Diyabetin, birçok organizmada birçok komplikasyonlara sebep olabildiğini ifade eden Turan, "En önemli komplikasyonlar, diyabet içte kalp ve damar hastalıklarına sebep olabiliyor. Kalp damarlarının tıkanmasına hatta pediferik damarların yani sadece kalp ve damar değil beyin damarlarının çevresel damarlarında tıkanmasına sebep olabiliyor, bunun dışında kronik böbrek yetmezliğinin en önemli sebeplerinden biri hem dünyada hem ülkemizde, son dönem böbrek yetmezliğinin yüzde 40'ının sebebi diyabettir. Şeker hastalığı bunun yanında körlüklere sebep olabiliyor, kronik körlüklere Retinopati dediğimiz, diyabetik Retinopati dediğimiz gözümüzün ası tabakasında damar tabakasında tıkanıklığa sebep olarak kanamalara sebep olarak körlüklere sebep oluyor, yanı sıra ayak yaralarına diyabetik yara dediğimiz ayak yaralarına sebep oluyor. Bu yaralara toplumumuzda yakalanmış kişinin çok dikkat etmesi gerekir. Ampütasyona, ayağın parmağın hatta bacağın kesilesine sebep olabiliyor. Toplumda gördüğümüz topalların yani ayak ampütasyonu vakaların tabi trafik kazaları , kaza dışı ampütasyonun çoğu diyabetik ampütasyonlardır. Bu önemli komplikasyonlardan dolayı diyabetten kaçınmamız mutlaka gerekir, tabi bunun ekonomik girdileri vardır işte sağlık girdileri sosyal girdileri vardır bunun içi çok önemli bir hastalıktır." dedi.
Diyabetin birçok belirtileri olduğunu söyleyen Turan, aşırı susama hissinin, dudaklarda ve ağızlarda kuruluğun, sık idrara çıkmanın, çok yemek yemenin ya da iştahsızlığın, halsizliğin, yorgunluğun ve zayıflamanın diyanetin ana belirtileri olduğunu ifade etti.

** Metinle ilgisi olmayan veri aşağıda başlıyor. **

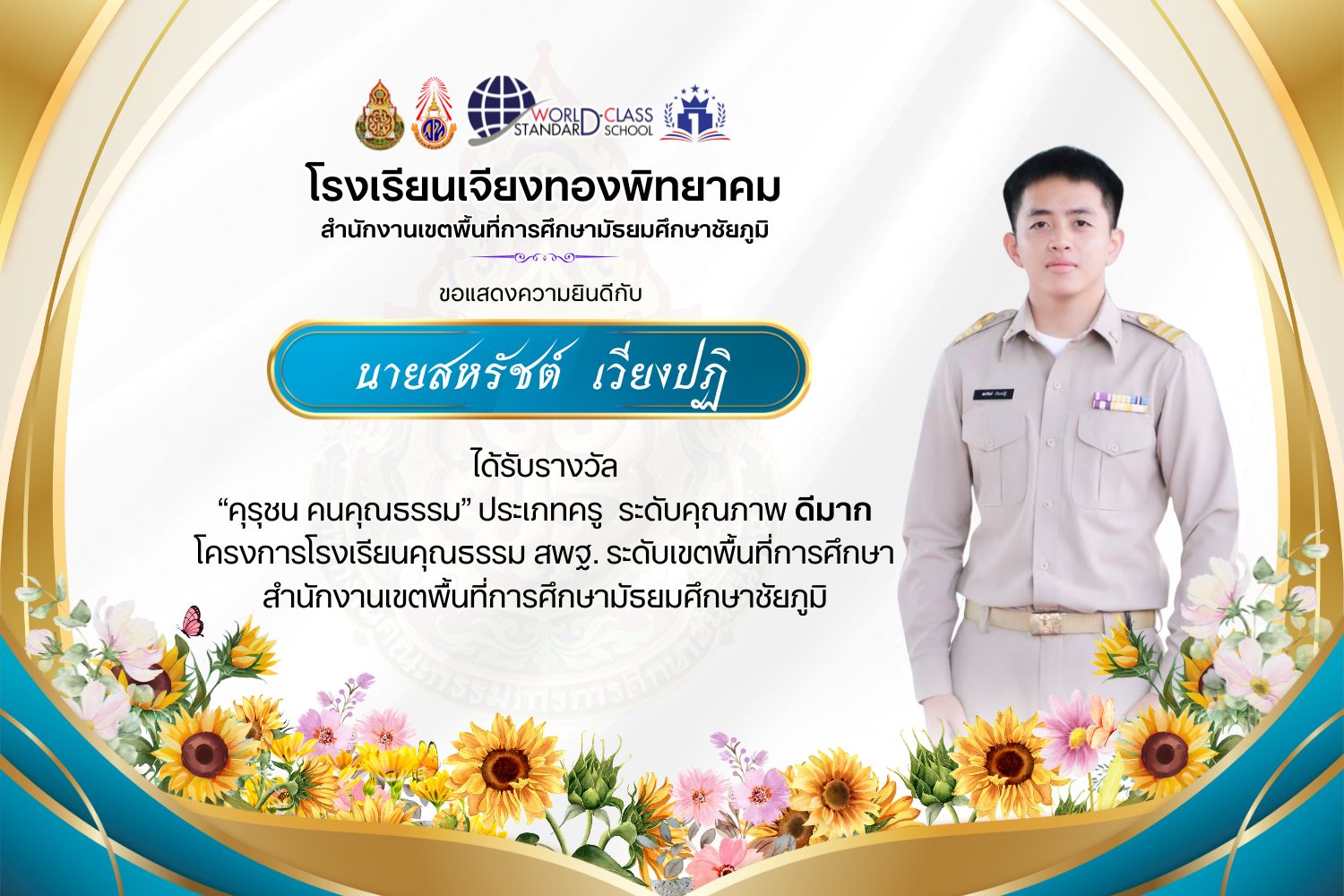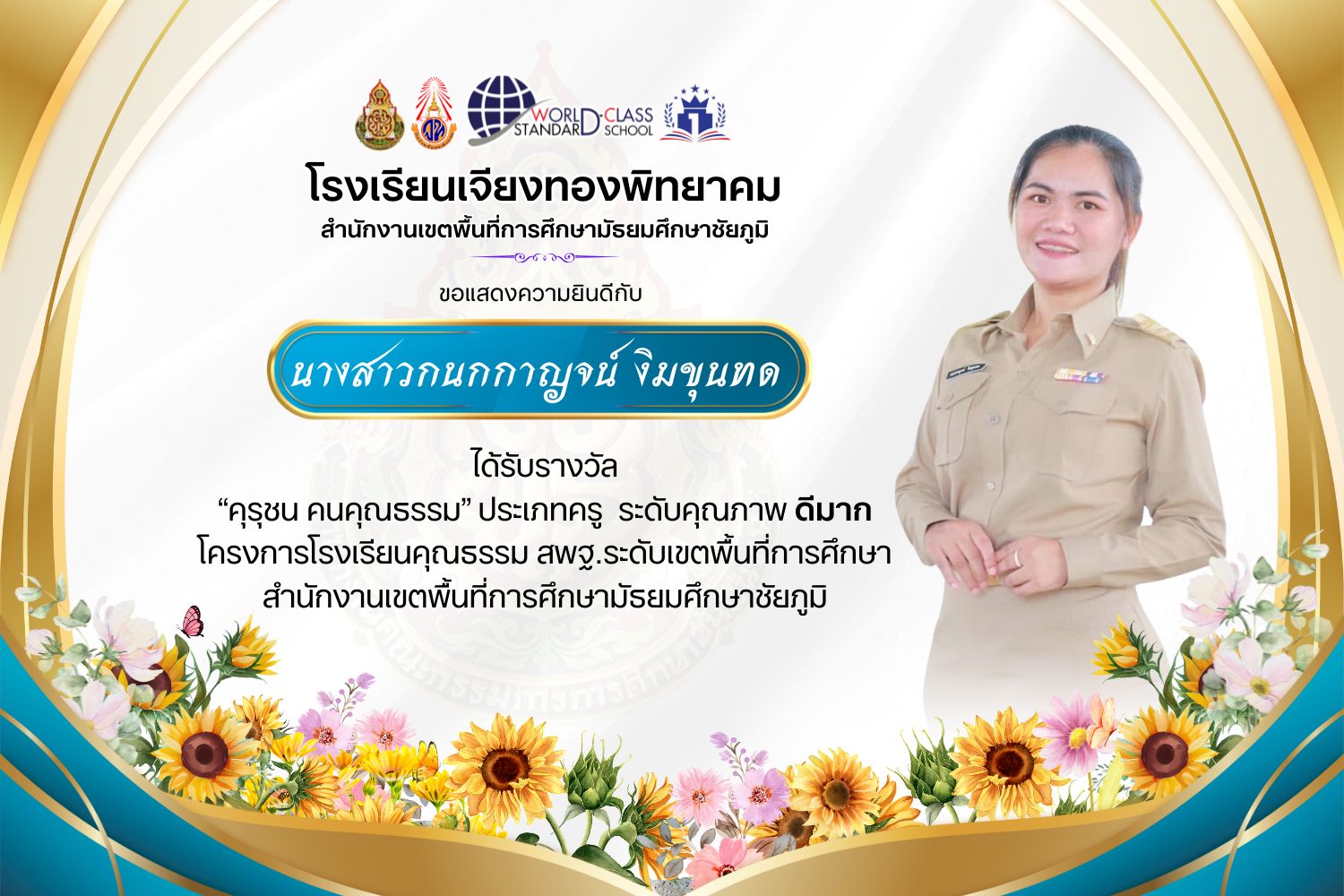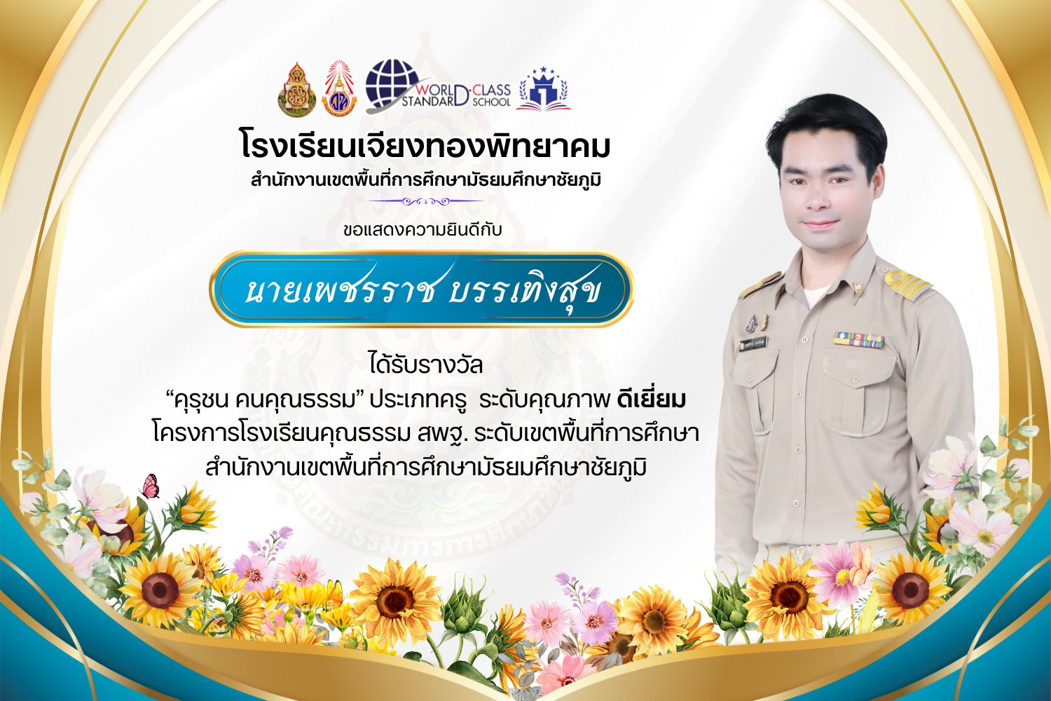 โรงเรียนเจียงทองพิทยาคม ขอแสดงความยินดีกับคณะครู ที่ได้รับรางวัล“คุรุชน คนคุณธรรม” ประเภทครู ระดับคุณภาพ ดีเยี่ยมและดีมาก โครงการโรงเรียนคุณธรรม สพฐ. ระดับเขตพื้นที่การศึกษา สำนักงานเขตพื้นที่การศึกษามัธยมศึกษาชัยภูมิ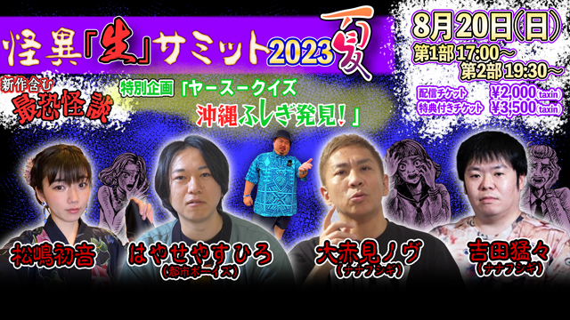 2部構成として開催されるイベントでは、他のイベントでは語られない貴重な怪談を各部で披露しながら、今回は出演が叶わなかった“沖縄随一”ユタの血を引く霊視芸人・ヤースーのロケ特別企画 「ヤースークイズ 沖縄ふしぎ発見!」にも注目したい。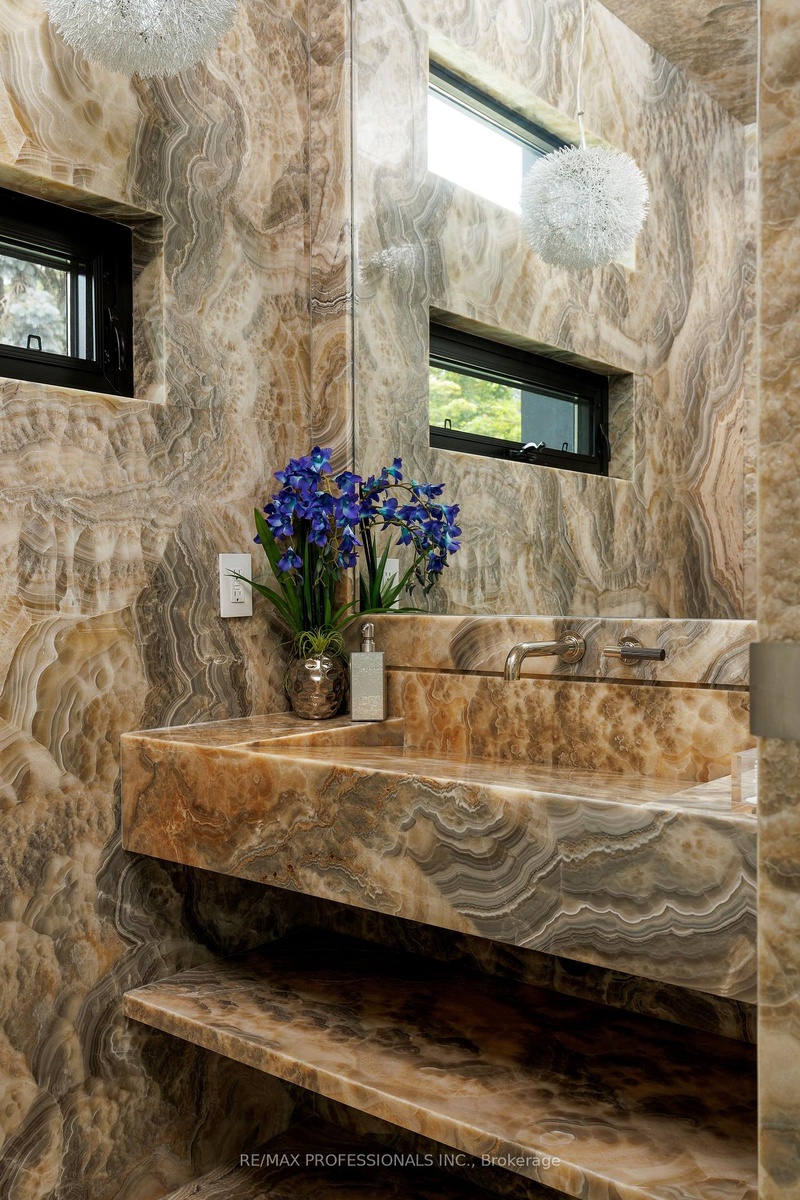 Spectacular Custom home on Lambton Wood Ravine in prestigious Edenbridge Humber Valley. Idyllic private setting with secluded oasis complete with pool and east facing garden backing onto the wooded ravine. Enter inside a masterpiece of custom stonework throughout with floor to ceiling marble and endless upgrades and luxury appointments. 7000+ square feet of living space offers residents top of the line Gaggenau appliances and furnishings that overlook the backyard living and dining areas. The second floor offers 4 fully furnished bedrooms each with private ensuite baths. The primary bedroom is amongst the finest with ravine views and built in TVs and a 5 piece ensuite and walk in closets like no other. Lower level offers a full bar & temperature controlled wine cellar with sprawling lower living space complete with professional gym & spa/cold plunge & sauna. Not to be missed, the garage includes a two car lift. Truly a lifestyle experience and unequivocally the finest in finishes throughout nestled on one of the quietest streets in the area. Steps to Humber town plaza, Bloor, and close to all major highways. Short commute downtown & top school district.

"Diyabetin sıklığı yüzde 7,9'lardan yüzde 13'lere çıktı"
Günümüzde diyabet hastalığının arttığına işaret eden Turan, "Son 15 yıl içerisine baktığımız zaman, neredeyse dünyada ve Türkiye'de yüzde yüz oranında bir artış görüyoruz. Diyabetin sıklığı yüzde 7,9'lardan yüzde 13'lere çıktı. Bunun temel sebebinin aktivite dediğimiz hareketsizlik ve obezite (şişmanlık), bu iki faktörden korunabilirsek diyabetten de korunmuş olacağız. Yani hareketli olacağız, spor yapacağız, egzersiz yapacağız ve şişmanlamamaya özen göstereceğiz. Az ekmek tüketeceğiz, işlenmiş gıdalardan uzak durmaya çalışacağız daha doğal besleneceğiz, doğal yaşayacağız." ifadelerini kullandı.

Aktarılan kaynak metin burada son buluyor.